A Clinical Research Coordinator (CRC) at a busy site discovers that a blood sample required for a key secondary endpoint, scheduled for the Week 4 visit, was missed for a participant who has already left the clinic.
The protocol's visit window for this draw has now passed.
How should the CRC best manage and document this situation?

Accepted Answer

Document the event as a protocol deviation and report it to the investigator and, if required, the sponsor/CRO.

Answer

Ask the participant to return immediately, even though it is outside the protocol-defined window, to ensure the data is collected.

Answer

Ignore the missed sample since it is for a secondary, not primary, endpoint.

Answer

Wait until the next scheduled visit to draw the sample and label it as the Week 4 sample to complete the case report form.

Question 2

Which of the following is the most appropriate and GCP-compliant method for a Principal Investigator (PI) to document the assignment of study-related tasks to qualified site staff?

Accepted Answer

A signed and dated Delegation of Authority (DoA) Log specifying tasks, start/end dates, and staff qualifications.

Answer

A verbal agreement made with each staff member during a team meeting.

Answer

An email from the PI to the sponsor listing the names of the research team members.

Answer

A single note-to-file written by the CRC after the study has been completed, summarizing who did what.

Question 3

During a site close-out visit, the Clinical Research Coordinator (CRC) and the monitor are reconciling the investigational product (IP) accountability records. What is the primary purpose of this reconciliation?

Accepted Answer

To ensure all IP units were correctly dispensed, returned to the sponsor, or appropriately destroyed, accounting for every unit received.

Answer

To determine the final payment owed to the site for dispensing the IP.

Answer

To identify which participants were most compliant with the treatment regimen for the final study report.

Answer

To finalize the recruitment statistics for the study based on the number of participants who received IP.

Question 4

A new investigational product (IP) shipment is scheduled to arrive.
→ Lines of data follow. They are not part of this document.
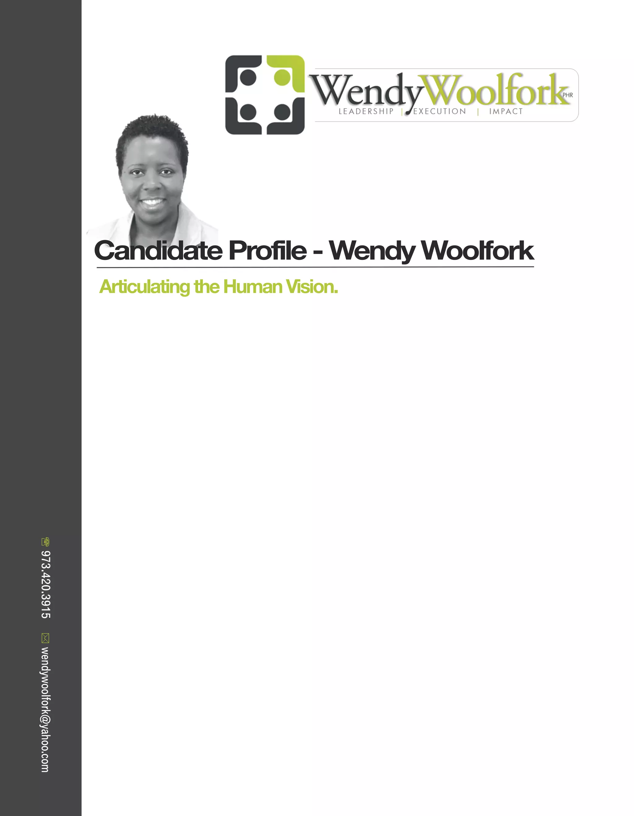 Wendy Woolfork is an experienced human resources executive with a track record of developing and implementing strategic HR processes. She is skilled at needs analysis, building consensus, and resolving conflicts. Woolfork is recognized as a visionary thinker who can align HR projects with business goals. She is an influential leader and motivator who has delivered extraordinary results when building corporate culture and high-performing teams. Woolfork is also a confident communicator who has successfully identified leadership weaknesses and coached behavioral change at all levels of an organization.
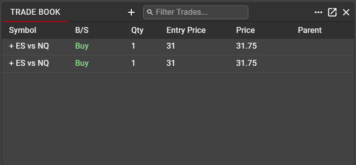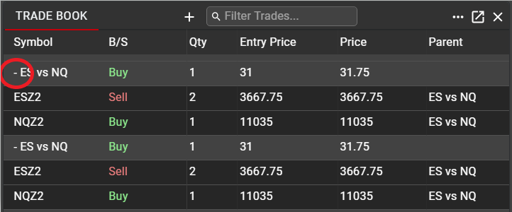 By default, only the Parent synthetic spread order will be displayed as an entry in Trade Book. The Parent spread will show the Entry Price, at which the spread order was submitted, as well as the average executed Price, based on all legs for the order.
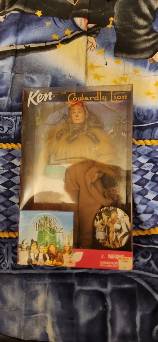 Collectors item: Ken as the cowardly lion from wizard of oz, $35. Still in the box, can come with the tin man and the scarecrow for $90
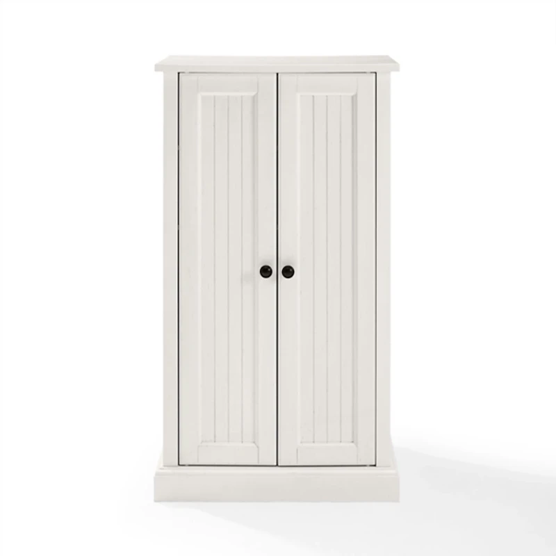 Revamp your space easily with the addition of our White Seaside Accent Cabinet. You’ll love elegant and classic design of this stunning and functional piece. Cabinet measures 23.5L x 14W x 41.25H in. Crafted of wood and metal hardware White finish Features four (4) adjustable and removable shelves Features beadboard paneling Weight: 54.56 lbs. Features gunmetal hardware Assembly required Not intended for commercial use Care: Dust with a soft, dry cloth. This item is available at Kirklands.com only, not available in stores. Please note: this item cannot be shipped to APO/FPO addresses. WARNING: This product can expose you to chemicals including wood dust and lead, which are known to the State of California to cause cancer or birth defects or other reproductive harm. For more information go to www.P65Warnings.ca.gov/furniture .
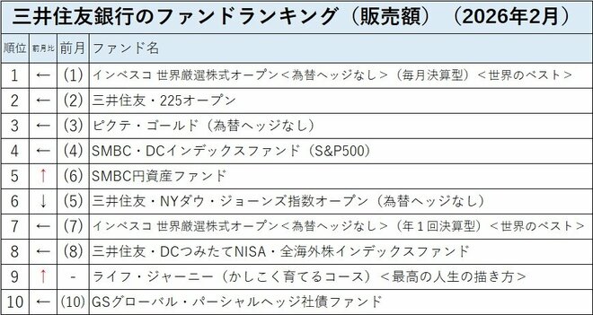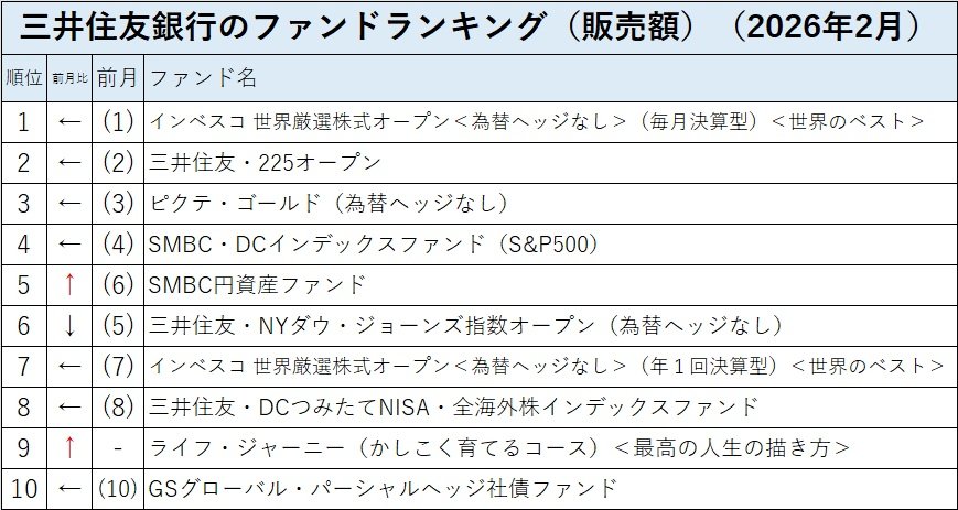 三井住友銀行の投信売れ筋ランキングの2026年2月のトップ10は前月とほぼ同じだった。トップの「インベスコ 世界厳選株式オープン<為替ヘッジなし>(毎月決算型)<世界のベスト>」、第2位の「三井住友・225オープン」の他、第4位までは前月と同じ。わずかな変化は、前月第5位と第6位が入れ替わり、「SMBC円資産ファンド」が第5位に上がり、「三井住友・NYダウ・ジョーンズ指数オープン(為替ヘッジなし)」が第6位に後退。また、第9位だった「ピクテ・ゴールド(為替ヘッジあり)」がトップ10圏外に落ち、トップ10圏外から「ライフ・ジャーニー(かしこく育てるコース)<最高の人生の描き方>」が第9位に上がった。

The protocol specifies the IP must be stored between 2-8°C. The CRC notes that the temperature monitoring device for the site's drug storage refrigerator has not been calibrated in over a year. What is the most critical immediate action for the CRC?

Accepted Answer

Notify the sponsor/CRO and arrange for an immediate calibration of the device before accepting the IP shipment.

Answer

Relocate the new IP shipment to a standard breakroom refrigerator temporarily.

Answer

Accept the shipment and begin recording the temperatures manually every hour with a standard thermometer.

Answer

Proceed with dispensing IP to participants as scheduled from existing stock.

Question 5

Which of the following documents is essential to have completed, signed, and filed in the site's regulatory binder BEFORE a clinical trial can be initiated at the site?

Accepted Answer

A signed and dated FDA Form 1572.

Answer

The final, signed clinical study report.

Answer

A log of all participants who have successfully completed the study.

Answer

A record of all Serious Adverse Event reports submitted to the sponsor.

Question 6

To ensure an efficient interim monitoring visit where the primary purpose is source data verification (SDV), which of the following is the most important preparatory task for the CRC?

Accepted Answer

Ensure all source documents are complete, organized, and readily accessible for the subjects being monitored.

Answer

Schedule all upcoming participant visits for the day the Clinical Research Associate (CRA) is on-site.

Answer

Wait for the CRA to arrive to ask what data needs to be entered into the electronic data capture (EDC) system.

Answer

Prepare a detailed summary of recruitment and retention challenges for the sponsor.